For reinforcement learning, the choice depends on the algorithm. Policy gradient methods (PPO, A2C) typically use Adam with a smaller learning rate (3e-4) and gradient clipping (max norm 0.5). DQN variants often use RMSprop with momentum or Adam, but the key is to use a separate optimizer for the target network updates. For generative adversarial networks (GANs), Adam with β1=0.5 (instead of 0.9) is common to reduce oscillation—the lower momentum helps stabilize the two-player game.

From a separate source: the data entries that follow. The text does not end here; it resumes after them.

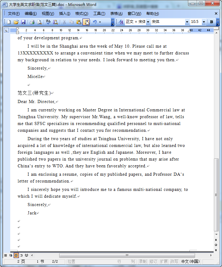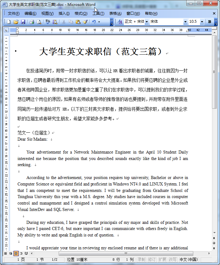 这是我们东坡下载为各位广大的学子们准备的一篇大学生英文求职信范文,内容比较丰富,应面试工作需求需要准备英文求职信的同学可以来看看我们的这篇精美的大学生英文求职信范文(共3篇),精美的英文求职信范文等着你!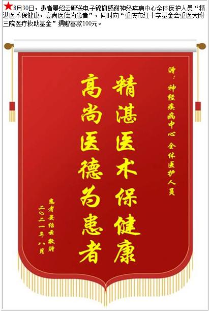 患者晏绍云赠送电子锦旗感谢神经疾病中心全体医护人员,并向医疗救助基金捐赠善款100元-锦旗-患者心声-患者服务-重庆医科大学附属第三医院【官方网站】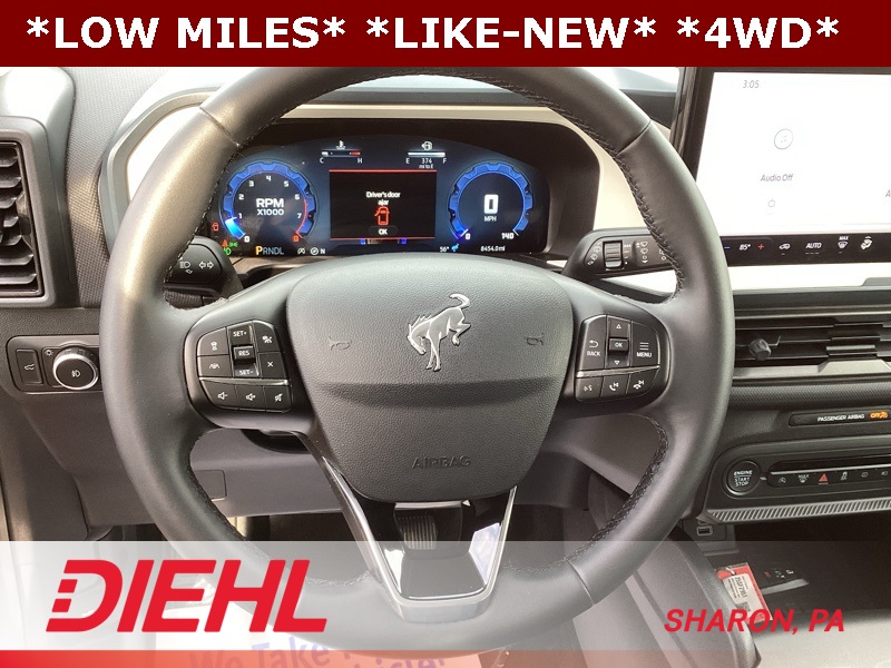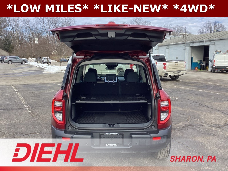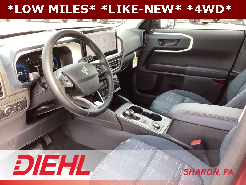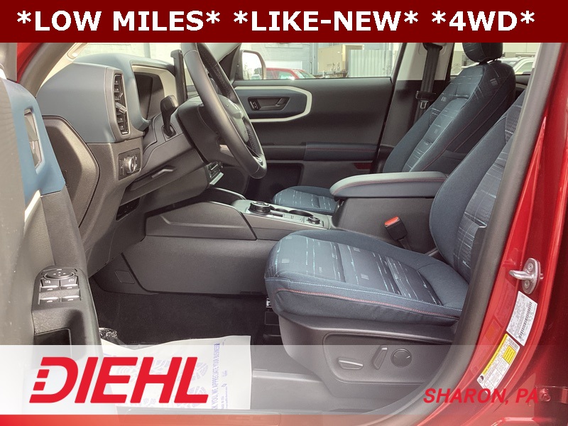 4-Wheel Disc Brakes, 6 Speakers, ABS brakes, Air Conditioning, Alloy wheels, AM/FM radio: SiriusXM, AM/FM Stereo, Auto High-beam Headlights, Automatic temperature control, Brake assist, Cargo Management System (Shelf/Divider/Table), Cargo Mat, Compass, Convenience Package, Delay-off headlights, Driver door bin, Driver vanity mirror, Dual front impact airbags, Dual front side impact airbags, Electronic Stability Control, Emergency communication system: SYNC 4 911 Assist, Equipment Group 250A, Four wheel independent suspension, Front anti-roll bar, Front Bucket Seats, Front Center Armrest, Front Driver/Passenger Seat Back Map Pockets, Front reading lights, Fully automatic headlights, Heated 8-Way Power Driver's Seat, Heated door mirrors, Illuminated entry, Knee airbag, LED Fog Lamps, Low tire pressure warning, Occupant sensing airbag, Outside temperature display, Overhead airbag, Overhead console, Panic alarm, Passenger door bin, Passenger vanity mirror, Plaid Cloth Front Bucket Seats, Power door mirrors, Power steering, Power windows, Premium Wrapped Steering Wheel, Radio data system, Rear anti-roll bar, Rear Parking Sensors, Rear reading lights, Rear seat center armrest, Rear window defroster, Rear window wiper, Remote keyless entry, Security system, SiriusXM, Speed control, Speed-sensing steering, Speed-Sensitive Wipers, Split folding rear seat, Steering wheel mounted audio controls, SYNC 4 w/Enhanced Voice Recognition, Tachometer, Telescoping steering wheel, Tilt steering wheel, Traction control, Trip computer, Universal Garage Door Opener (UGDO), Variably intermittent wipers, Wheels: 17" Oxford White-Painted Aluminum. Ruby Red Metallic Tinted Clearcoat 2025 Ford Bronco Sport Heritage 4WD 8-Speed Automatic 1.5L EcoBoost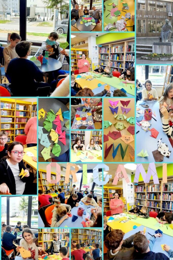 Za kraj radnog tjedna, 13. ožujka 2026., Gradska knjižnica Ante Kovačića u prijepodnevnim satima otvorila je svoja vrata za origami radionicu. Učenici 4.e razreda rado su se odazvali kako bi upoznali japansku umjetnost savijanja papira i unaprijedili likovne vještine. Suncem obasjan Zaprešić na putu do same knjižnice pozivao je učenike na šetnju, razgovor i smijeh. Dolaskom u knjižnicu marljive ruke četvrtaša, uz usmjeravanje voditeljice radionice, slikarice Hanadi Al-Samman, oblikovale su lijepe figure od papira. Učenici su bili zadivljeni idejama voditeljice, kao i otkrivanjem vlastitoga umijeća. Toliko da im je vrijeme proteklo u hipu. Obogaćeni novim iskustvom i ponosno noseći svoje uratke, vedrim koracima zaputili su se u školu uz komentare: Kad ćemo iznova na izvanučioničku nastavu?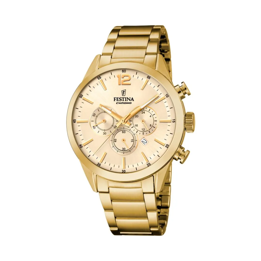 Misez sur un style sophistiqué avec cette Montre Homme Festina Timeless Chronograph – F20633-4 de Festina. Son design impressionnant commence par un boitier rond de 44 mm de diamètre en acier, délicatement poli qui luit en doré. Le bracelet assorti en acier doré ajoute un éclat supplémentaire à la montre, fixé au poignet grâce à une boucle déployante sécurisée. Elle est équipée d’un mouvement quartz et d’un affichage analogique, avec également un précis chronographe. La montre est protégée par un verre minéral résistant et bénéficie d’une étanchéité remarquable jusqu’à 50 m (5 ATM). C’est l’accessoire parfait pour les hommes qui veulent rendre leur quotidien plus élégant.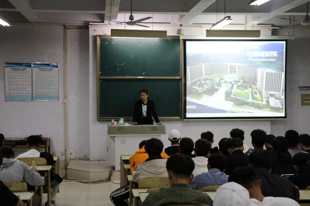 活动由薛文辉老师主持,邀请济南GT健身学院负责人王蓓蓓老师担任主讲嘉宾,她结合国家大力支持健康服务业、体育健身产业发展的各项政策,为大家分析了体育专业学生做好职业规划的重要性,并结合个人在健身行业的职业发展历程为大家做了分享,着重强调了同学们要转变观念、找准人生的赛道,确保轻松赢在职场。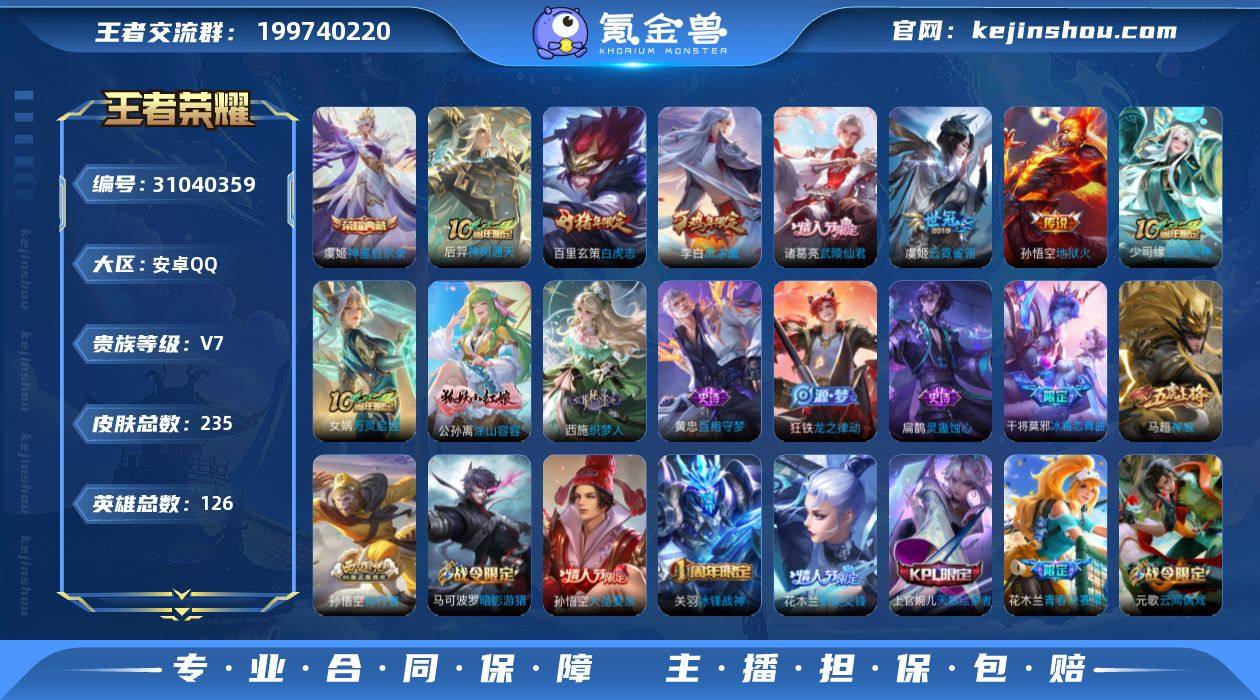 贵族等级:V7 典藏皮肤数:1 珍品无双皮肤数:0 无双皮肤数:0 珍品传说皮肤数:0 传说皮肤数:6 史诗皮肤数:73 皮肤数:235 英雄数:126 段位:绝世王者

For time series and recurrent models (LSTMs, GRUs), SGD with momentum or RMSprop often works better than Adam because adaptive methods can overfit to the temporal structure. Use a learning rate of 0.01 with gradient clipping (max norm 1.0). For graph neural networks (GNNs), Adam is standard, but use weight decay (1e-4 to 1e-5) to prevent overfitting on small graphs.

A production heuristic: start with AdamW for any new task, run a short hyperparameter sweep (learning rate, weight decay), then compare with SGD+momentum on a validation set. If AdamW's validation loss is within 5% of SGD's, use AdamW for faster convergence. If SGD is significantly better, switch. For large-scale distributed training, use SGD with momentum because it's more communication-efficient (less variance in gradients) and easier to scale with techniques like LARS or LAMB.

io/thecodeforge/optimizers/optimizer_selector.pyPYTHON

import torch
import torch.nn as nn
import torch.optim as optim

def get_optimizer(model, task_type, lr=None):
    if task_type == 'vision':
        lr = lr or 0.1
        return optim.SGD(model.parameters(), lr=lr, momentum=0.9, nesterov=True)
    elif task_type == 'nlp':
        lr = lr or 1e-4
        return optim.AdamW(model.parameters(), lr=lr, betas=(0.9, 0.98), weight_decay=0.01)
    elif task_type == 'rl':
        lr = lr or 3e-4
        return optim.Adam(model.parameters(), lr=lr, betas=(0.9, 0.999))
    elif task_type == 'gan':
        lr = lr or 2e-4
        return optim.Adam(model.parameters(), lr=lr, betas=(0.5, 0.999))
    else:
        return optim.Adam(model.parameters(), lr=1e-3)

# Example usage
model = nn.Linear(10, 1)
optimizer = get_optimizer(model, 'nlp', lr=5e-5)
print(f'Optimizer: {type(optimizer).__name__}, lr={optimizer.param_groups[0]["lr"]}')

Output

Optimizer: AdamW, lr=5e-5

💡Start with AdamW, then compare with SGD

AdamW gives fast convergence and is robust to hyperparameters. If validation metrics plateau, switch to SGD with momentum for potentially better generalization.

📊 Production Insight

In production pipelines, always log the optimizer type and hyperparameters with each run. Use a learning rate finder (e.g., cyclical LR) to estimate a good starting point. For distributed training, SGD with momentum is easier to scale because it has lower gradient variance and works well with gradient compression techniques.

🎯 Key Takeaway

Match optimizer to task: SGD+momentum for vision, AdamW for NLP, Adam with β1=0.5 for GANs. Start with AdamW for new tasks, then compare with SGD. Log optimizer configs for reproducibility.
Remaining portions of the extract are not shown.